***** Dataset entries *****
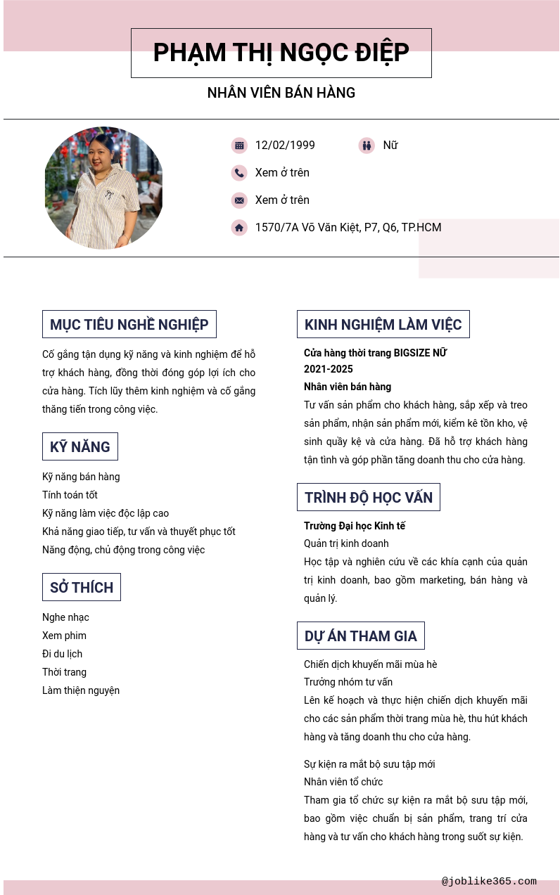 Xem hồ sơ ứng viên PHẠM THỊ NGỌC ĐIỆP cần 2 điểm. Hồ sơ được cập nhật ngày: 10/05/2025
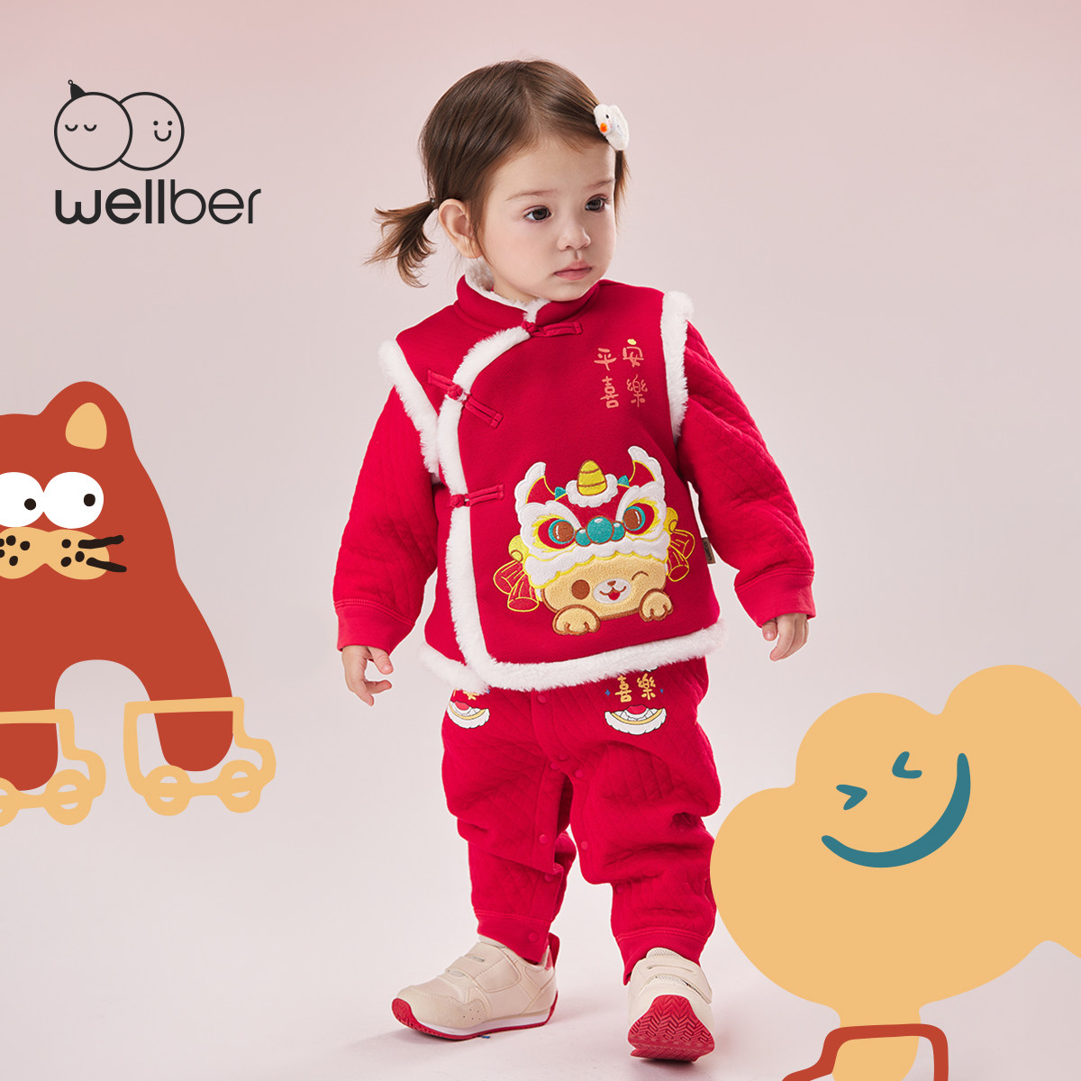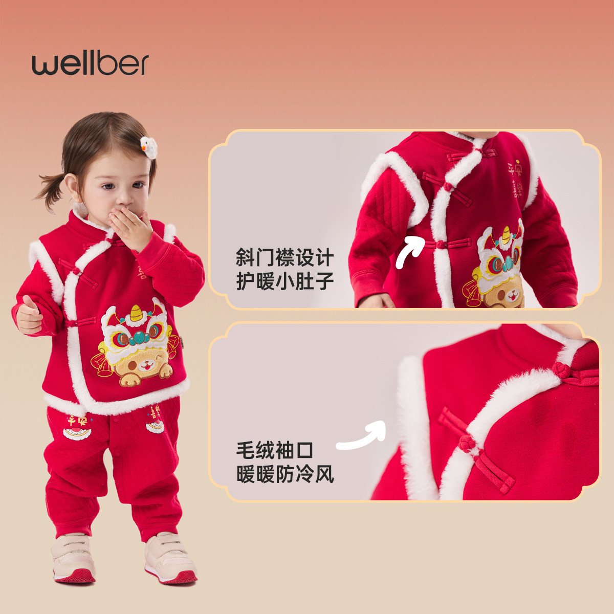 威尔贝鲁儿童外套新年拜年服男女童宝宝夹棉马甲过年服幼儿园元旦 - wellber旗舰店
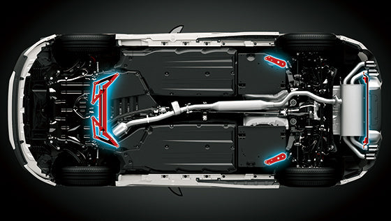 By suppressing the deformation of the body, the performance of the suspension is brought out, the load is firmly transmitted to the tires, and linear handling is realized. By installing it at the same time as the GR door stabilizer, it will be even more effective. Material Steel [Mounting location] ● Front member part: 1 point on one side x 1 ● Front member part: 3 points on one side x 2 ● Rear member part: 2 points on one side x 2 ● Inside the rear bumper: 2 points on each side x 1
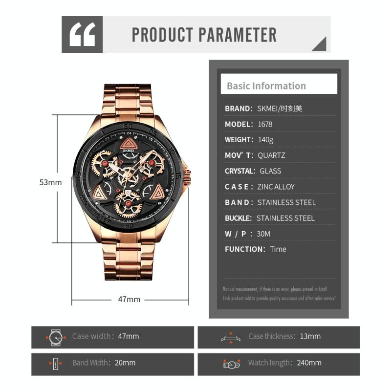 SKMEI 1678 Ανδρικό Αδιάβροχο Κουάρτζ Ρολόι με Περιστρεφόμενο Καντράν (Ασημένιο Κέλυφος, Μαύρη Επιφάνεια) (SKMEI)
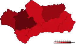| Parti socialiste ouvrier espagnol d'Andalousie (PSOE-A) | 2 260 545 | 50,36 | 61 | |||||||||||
*****
*Problem*: Set down all of the entries precisely and keep the pictures out of the copy.

*Completed task*:
 Xem hồ sơ ứng viên PHẠM THỊ NGỌC ĐIỆP cần 2 điểm. Hồ sơ được cập nhật ngày: 10/05/2025
 威尔贝鲁儿童外套新年拜年服男女童宝宝夹棉马甲过年服幼儿园元旦 - wellber旗舰店
 By suppressing the deformation of the body, the performance of the suspension is brought out, the load is firmly transmitted to the tires, and linear handling is realized. By installing it at the same time as the GR door stabilizer, it will be even more effective. Material Steel [Mounting location] ● Front member part: 1 point on one side x 1 ● Front member part: 3 points on one side x 2 ● Rear member part: 2 points on one side x 2 ● Inside the rear bumper: 2 points on each side x 1
 SKMEI 1678 Ανδρικό Αδιάβροχο Κουάρτζ Ρολόι με Περιστρεφόμενο Καντράν (Ασημένιο Κέλυφος, Μαύρη Επιφάνεια) (SKMEI)
| Parti socialiste ouvrier espagnol d'Andalousie (PSOE-A) | 2 260 545 | 50,36 | 61 | |||||||||||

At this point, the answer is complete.